I am a newbie in the NN field and I am doing some training with pytorch.
I decided to make a simple vanilla NN.
I used a personal dataset i had with 2377 numerical features and 6277 examples.
My first try was to make the NN predict each single example, so the pseudocode would look like
for i in range(...):
X = ... # features
y = ... # outcome
y_pred = model(X[i])
loss = criterion(y_pred, y)
y_pred.size # [1,1]
y.size # [1,1]
This took about 10 seconds per epoch and i decided to improve it using mini batches.
So i define the batch size at the beginning and the NN in Pytorch is defined like this
batch_size = 30
n_inputs = X.size[1] #2377
## 2 hidden layers
model = nn.Sequential(
nn.Linear(n_inputs, 1024),
nn.ReLU(),
nn.Linear(1024, 512),
nn.ReLU(),
nn.Linear(512, 356),
nn.ReLU(),
nn.Linear(356, batch_size),
nn.ReLU(),
)
And then I do the training in batches
for epoch in range(5):
totalloss = 0
permutation = torch.randperm(X.size()[0])
for i in range(0, X.size()[0], batch_size):
optimizer.zero_grad()
indices = permutation[i:i+batch_size]
batch_x, batch_y = x[indices], y[indices]
ypred = model(batch_x)
loss = criterion(ypred, batch_y)
totalloss += loss.item()
## update the weights
loss.backward()
optimizer.step()
Now the problem is that my NN always outputs 100 values but the last batch size can vary.
In fact, if i choose 100 as batch size the last batch will be made of 77 examples (6277%100).
I am sure there is a way around this problem, and that there is a mistake in my structure, but i cannot see it.
Can you help me generalize the training in batch to work with any number of examples and batch size?
I don't know why the other answer was accepted, as there is a fundamental misunderstanding in the way you constructed the model in the question!
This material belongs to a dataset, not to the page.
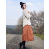 Midi sukně z kvalitního jemného českého lnu ..ze čtyř dílů, švy prošity, vnitřní kapsy v bočních švech, spodní část tvarovaná výraznými záševky, v pase šedý pružný lem bavlna/elastan. Ve spodním lemu bavlněná šňůrka pro případné stažení.

And the other answer does not take this into account.
When you define a model and its input and output sizes, you still only consider one sample. You don't use batch_size
for scaling the output. When you then give a batch of input data into the model, PyTorch
handles the batch internally and the model gets evaulated on each sample in parallel.
You can look at an official PyTorch tutorial, where they built a model for data on the Fashion MNIST
dataset. Each image in this dataset is (28x28x1)
pixels (greyscale), and there are 10 different classes to predict. Notice the first and last layer:
nn.Linear(28*28, 512)
....
nn.Linear(512, 10)
where the input is the image pixels 28*28
and the output is 10
numbers for 10 classes. You can then use SoftMax
or categorical_crossentropy
for prediction. There is no information on batch sizes in the model itself, as the model doesn't need that.
Most of the time it is no problem to have the last batch a bit smaller than the others. If your batch size is 32
, but the last batch is only 15
samples, the model will just get 15 samples and labels, do the prediction and compare the 15 results to the 15 labels for the last batch.
If for some reason you need all batches to be exactly the same size (e.g. for a stateful LSTM
), then you can use DataLoader
with drop_last=True
. But most of the time, it is not needed and you just hide data from the model if you use it.
Using the DataLoader
is still a good idea, because they can efficiently handle loading your data on CPU, while the model will train on GPU.